§ **About this task**
From the first line of the records below, transcribe each line exactly up to and including the one with "Save The first"; pictures stay out.

§ **Study material**
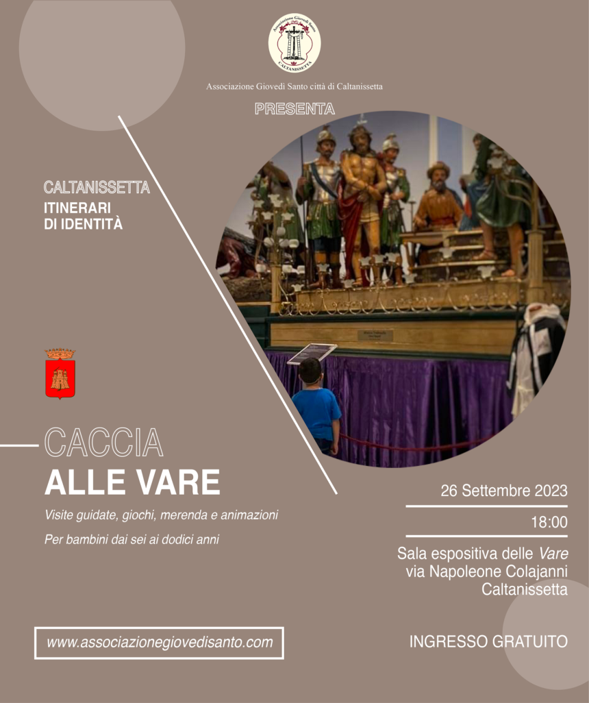 Gli esploratori avranno la possibilità di partecipare a visite guidate nella Sala Espositiva delle Vare, per scoprire la storia e l'arte che si celano dietro questi oggetti misteriosi, simboli della cultura locale. Per ricaricare le energie, sarà offerta una gustosa merenda! “Caccia alle vare” è parte integrante del cartellone “Caltanissetta: itinerari d'identità”, una iniziativa ideata dall'Associazione Giovedì Santo in collaborazione con il Comune di Caltanissetta, finalizzata a promuovere la cultura e l'identità della città attraverso eventi culturali. L'ingresso all'evento è gratuito.
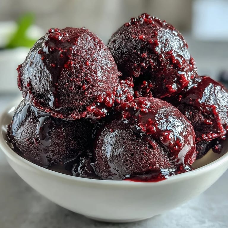 Save The first time I encountered black currants was at a farmers market in early July, when the vendor handed me a single dark berry and told me to prepare for a shock. The intensity of that tiny fruit, somewhere between a grape and something wilder entirely, stayed with me for days. I bought two cartons on the spot, not quite knowing what I would make, but knowing I needed more of that flavor in my life. This sorbet became the answer, a way to capture that shock of tartness in something cool and graceful.
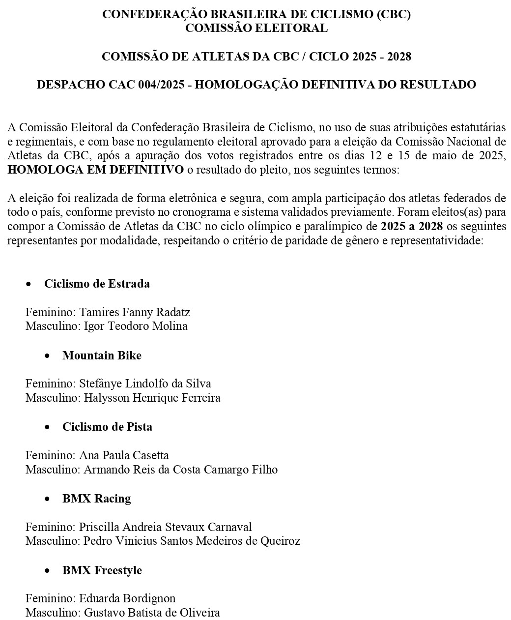 A Confederação Brasileira de Ciclismo (CBC), vem tornar público os resultados dos votos das eleições da Comissão de Atletas do Ciclismo (CAC) para o periodo de 2025 a 2029.
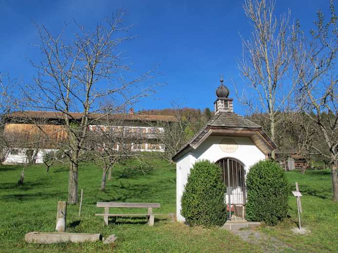 Klein- und Flurdenkmäler der Gemeinde Bergen sind das Thema auf dem Kultur-Rundwanderung. Diese sehr leichte Tour in den Chiemgauer Alpen in Bayern nahe Bernhaupten ist toll für die ganze Familie, der Weg führt durch die Ortsteile Hausen, Zwing, Gries und Weißachen, der höchste Punkt liegt auf 568 m.
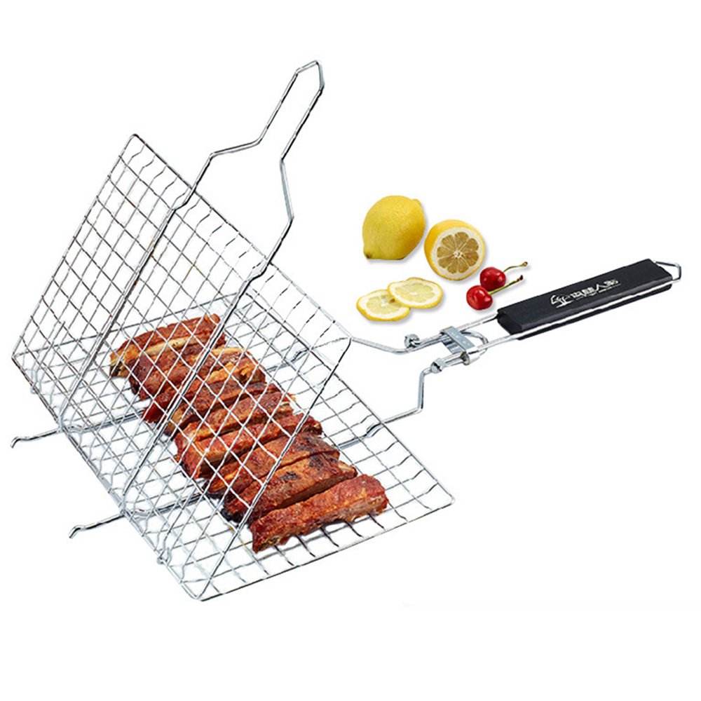 Grillen ohne dass alles in die Glut fällt? Mit diesem Edelstahl-Grillkorb wird Grillen zum reinen Vergnügen! Maße: 64,5x31x5,5cm - groß genug für mehrere Steaks, Fischfilets oder Gemüsestücke gleichzeitig. Der abnehmbare Holzgriff ist hitzebeständig und liegt gut in der Hand. Die Schiebeschnalle verriegelt den Korb sicher - nichts fällt heraus beim Wenden. Aus hochwertigem Edelstahl - rostfrei, leicht zu reinigen und extrem langlebig. Klappbares Design - platzsparend für Transport und Lagerung. Perfekt für Camping, Picknick oder den heimischen Garten. Egal ob zarte Fischfilets, saftige Steaks, Garnelen oder Gemüse - alles bleibt sicher im Korb und gart gleichmäßig. Kein lästiges Zusammenpicken von Essen aus der Glut mehr! Das Grillgut behält seine Form und sieht appetitlich aus. Einfach den Korb auf den Grill legen, nach einigen Minuten wenden - und schon hast du perfekt gegrilltes Essen ohne Verlust. So macht Grillen richtig Spaß - probier's aus und überzeug dich selbst!
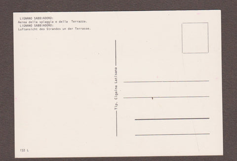 AK Lignano Sabbiadoro: Aerea della spiaggia e della Terrazza. Ungelaufen. Großformat. Verlag: Cigaina. Nummeriert: 152 L. Zustand: gut.

§ **Answer for the task**
 Gli esploratori avranno la possibilità di partecipare a visite guidate nella Sala Espositiva delle Vare, per scoprire la storia e l'arte che si celano dietro questi oggetti misteriosi, simboli della cultura locale. Per ricaricare le energie, sarà offerta una gustosa merenda! “Caccia alle vare” è parte integrante del cartellone “Caltanissetta: itinerari d'identità”, una iniziativa ideata dall'Associazione Giovedì Santo in collaborazione con il Comune di Caltanissetta, finalizzata a promuovere la cultura e l'identità della città attraverso eventi culturali. L'ingresso all'evento è gratuito.
 Save The first time I encountered black currants was at a farmers market in early July, when the vendor handed me a single dark berry and told me to prepare for a shock. The intensity of that tiny fruit, somewhere between a grape and something wilder entirely, stayed with me for days. I bought two cartons on the spot, not quite knowing what I would make, but knowing I needed more of that flavor in my life. This sorbet became the answer, a way to capture that shock of tartness in something cool and graceful.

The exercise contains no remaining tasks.